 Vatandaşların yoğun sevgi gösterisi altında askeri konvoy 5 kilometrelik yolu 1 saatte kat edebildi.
◇ ◇ ◇ ◇ ◇
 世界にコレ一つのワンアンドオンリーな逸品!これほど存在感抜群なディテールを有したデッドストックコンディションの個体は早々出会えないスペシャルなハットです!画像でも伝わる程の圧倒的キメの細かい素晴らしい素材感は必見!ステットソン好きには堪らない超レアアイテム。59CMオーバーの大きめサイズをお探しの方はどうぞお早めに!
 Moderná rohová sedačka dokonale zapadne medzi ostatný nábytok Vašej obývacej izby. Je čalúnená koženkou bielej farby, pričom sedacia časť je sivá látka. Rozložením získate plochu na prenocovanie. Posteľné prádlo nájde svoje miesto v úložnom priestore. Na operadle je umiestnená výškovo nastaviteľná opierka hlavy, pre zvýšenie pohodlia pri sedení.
◇ ◇ ◇ ◇ ◇
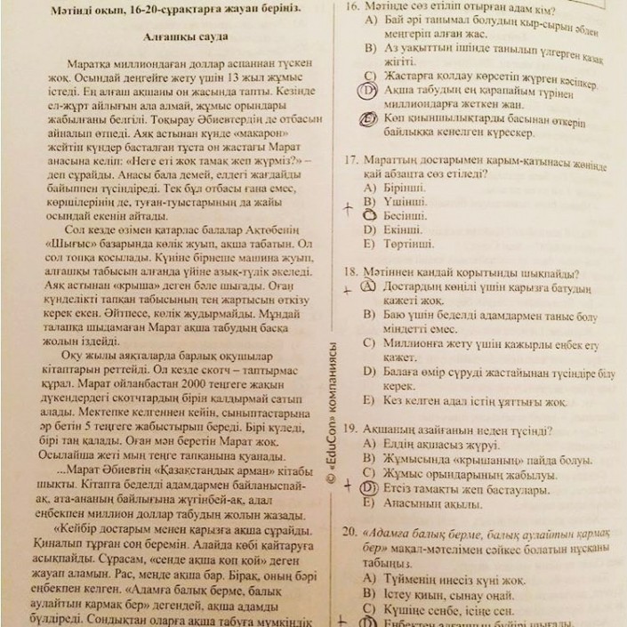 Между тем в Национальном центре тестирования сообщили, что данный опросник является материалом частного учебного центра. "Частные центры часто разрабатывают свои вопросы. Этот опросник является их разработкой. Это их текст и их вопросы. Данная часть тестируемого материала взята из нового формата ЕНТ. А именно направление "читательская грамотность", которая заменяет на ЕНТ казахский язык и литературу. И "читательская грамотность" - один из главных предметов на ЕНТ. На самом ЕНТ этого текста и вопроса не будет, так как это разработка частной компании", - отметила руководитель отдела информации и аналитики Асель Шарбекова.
◇ ◇ ◇ ◇ ◇
# WHAT THE TASK REQUIRES:
Starting at the line with "世界にコレ一つのワンアンドオ" and ending at the line with "Moderná rohová sedačka", print each line of the listing above exactly, with no other lines.

# OUTPUT FOR THIS EXERCISE:
 世界にコレ一つのワンアンドオンリーな逸品!これほど存在感抜群なディテールを有したデッドストックコンディションの個体は早々出会えないスペシャルなハットです!画像でも伝わる程の圧倒的キメの細かい素晴らしい素材感は必見!ステットソン好きには堪らない超レアアイテム。59CMオーバーの大きめサイズをお探しの方はどうぞお早めに!
 Moderná rohová sedačka dokonale zapadne medzi ostatný nábytok Vašej obývacej izby. Je čalúnená koženkou bielej farby, pričom sedacia časť je sivá látka. Rozložením získate plochu na prenocovanie. Posteľné prádlo nájde svoje miesto v úložnom priestore. Na operadle je umiestnená výškovo nastaviteľná opierka hlavy, pre zvýšenie pohodlia pri sedení.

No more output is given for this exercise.